▶ **Task brief**: Exactly as they appear, retype the lines from the one containing "圖 2 期末百餘位同學進行分組比賽" through the final line of the data below. Leave pictures out.

[Stored records]

####

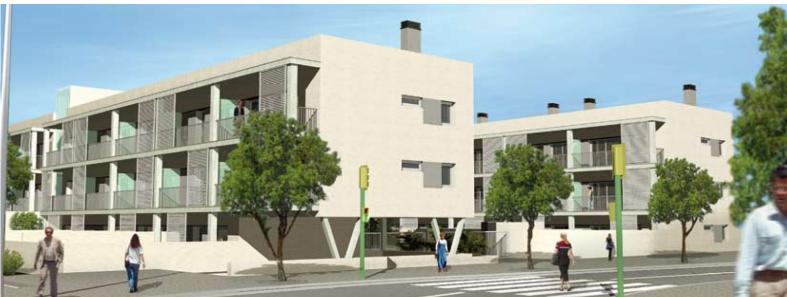
Arriba, imagen virtual de los edificios que albergarán los 44 pisos de alquiler. Abajo, estado actual de la construcción

Las inscripciones se realizarán entre el 3 de mayo y el 15 de junio, en la Oficina Local de Vivienda. Entre otras condiciones, hay que demostrar una residencia continuada en Sant Joan Despí
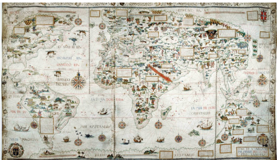
Carte du monde de 1550, de Pierre Desceliers, BRITISH LIBRARY BOARD, ADD. 24065

Il poursuit en partie les questionnements du parcours "Histoire connectée du monde" de licence.
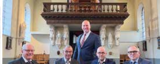
Restauratie orgel Dikkele (p. 3)
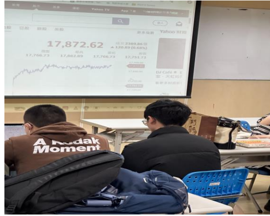
圖 2 期末百餘位同學進行分組比賽
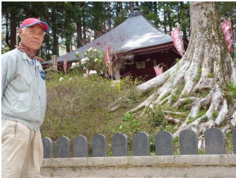
私も参拝記念に一枚パチリ
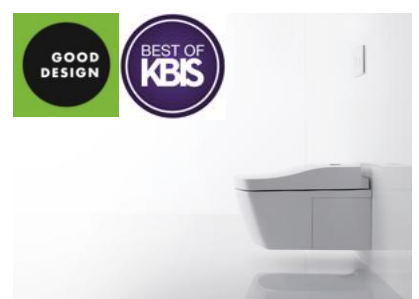
GREEN GOOD AWARD 2016 受賞 BEST OF KBIS 受賞 「NEOREST AC」

(*1)ISH 2017(International Sanitary and Heating 2017)
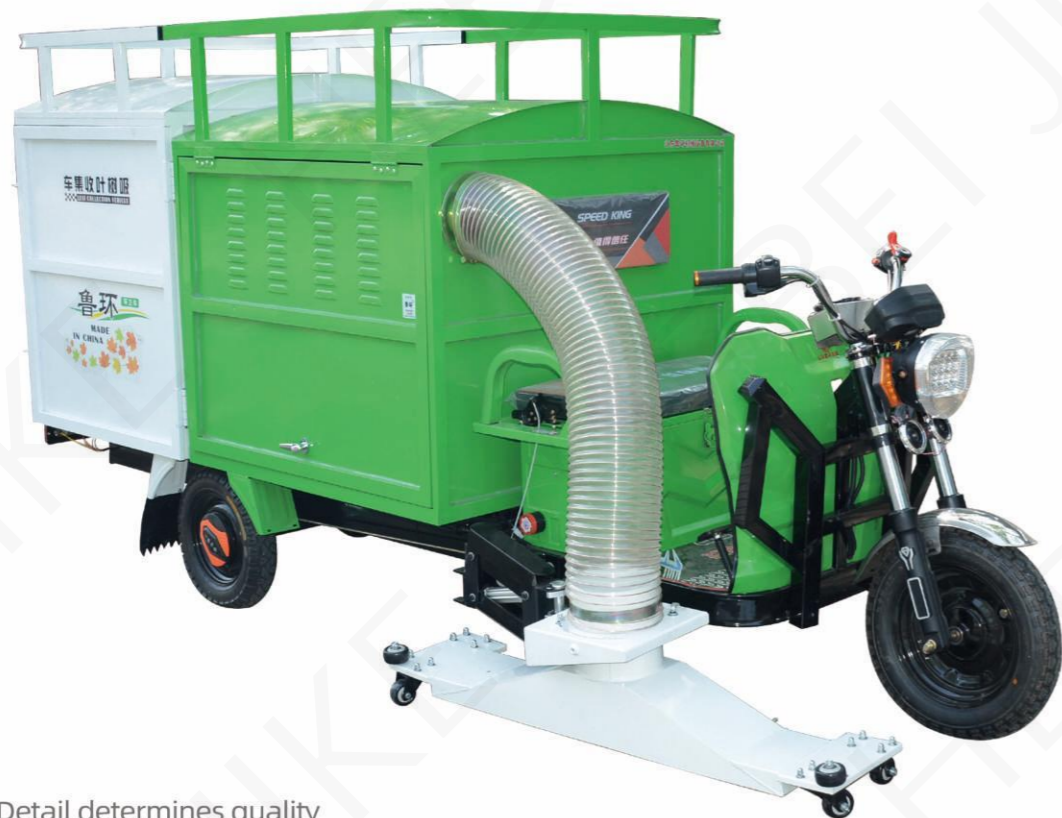
细节决定品质/Detail determines quality

####

▶ **Response below**:
圖 2 期末百餘位同學進行分組比賽
私も参拝記念に一枚パチリ
GREEN GOOD AWARD 2016 受賞 BEST OF KBIS 受賞 「NEOREST AC」

(*1)ISH 2017(International Sanitary and Heating 2017)
细节决定品质/Detail determines quality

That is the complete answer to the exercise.